If a Seconds pendulum is moved to a planet where acceleration due to gravity is 4 times, the length of the second's pendulum on the planet should be made

To solve the problem of determining the length of a seconds pendulum on a planet where the acceleration due to gravity is four times that on Earth, we can follow these steps: ### Step-by-Step Solution: 1. **Understand the Concept of a Seconds Pendulum**: A seconds pendulum is defined as a pendulum that has a time period of 2 seconds. The time period \( T \) of a simple pendulum is given by the formula: \[ T = 2\pi \sqrt{\frac{L}{g}} \] where \( L \) is the length of the pendulum and \( g \) is the acceleration due to gravity. 2. **Set Up the Equation for Earth**: For a seconds pendulum on Earth, we have: \[ T = 2 \text{ seconds} = 2\pi \sqrt{\frac{L}{g}} \] Rearranging this gives us: \[ \sqrt{\frac{L}{g}} = \frac{1}{\pi} \] Squaring both sides results in: \[ \frac{L}{g} = \frac{1}{\pi^2} \] Thus, we can express the length \( L \) as: \[ L = \frac{g}{\pi^2} \] 3. **Consider the New Planet**: On the new planet, the acceleration due to gravity \( g' \) is four times that of Earth: \[ g' = 4g \] 4. **Set Up the Equation for the New Planet**: The time period on the new planet must still be 2 seconds, so we have: \[ T = 2\pi \sqrt{\frac{L'}{g'}} \] where \( L' \) is the new length of the pendulum.
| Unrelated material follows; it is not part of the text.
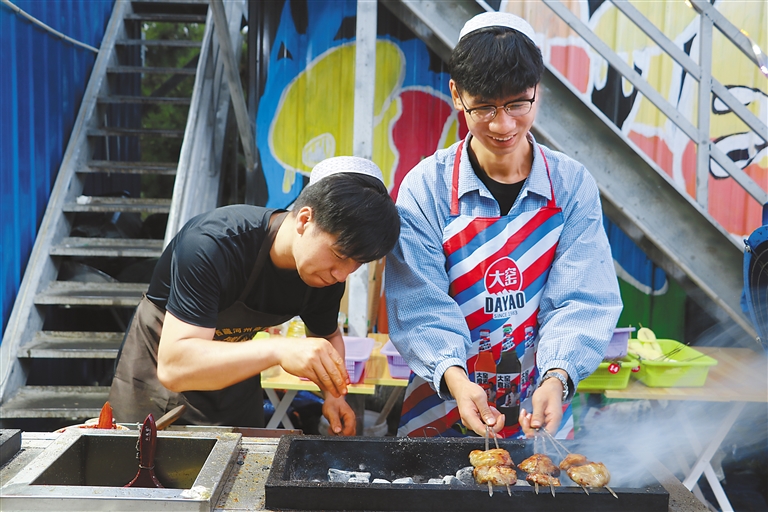 8月31日晚,記者走進這個煙火氣十足的夜市中,流光溢彩的燈火里,人頭攢動,繁榮的夜經(jīng)濟里,味蕾被觸動。鍋碗瓢盆叮當(dāng)作響,各類小吃攤開始緊鑼密鼓地營業(yè),攤位上飄來的香氣惹人垂涎,人們穿梭于各個攤位之間,品嘗著各類特色小吃,感受著濃濃的煙火氣。

Rearranging gives: \[ \sqrt{\frac{L'}{g'}} = \frac{1}{\pi} \] Squaring both sides results in: \[ \frac{L'}{g'} = \frac{1}{\pi^2} \] Thus, we can express the new length \( L' \) as: \[ L' = \frac{g'}{\pi^2} \] 5. **Substituting the New Gravity**: Now substitute \( g' = 4g \) into the equation for \( L' \): \[ L' = \frac{4g}{\pi^2} \] 6. **Relate the New Length to the Original Length**: From our earlier expression for \( L \): \[ L = \frac{g}{\pi^2} \] Therefore, we can relate \( L' \) to \( L \): \[ L' = 4 \cdot \frac{g}{\pi^2} = 4L \] ### Conclusion: The length of the seconds pendulum on the new planet should be **4 times the original length**.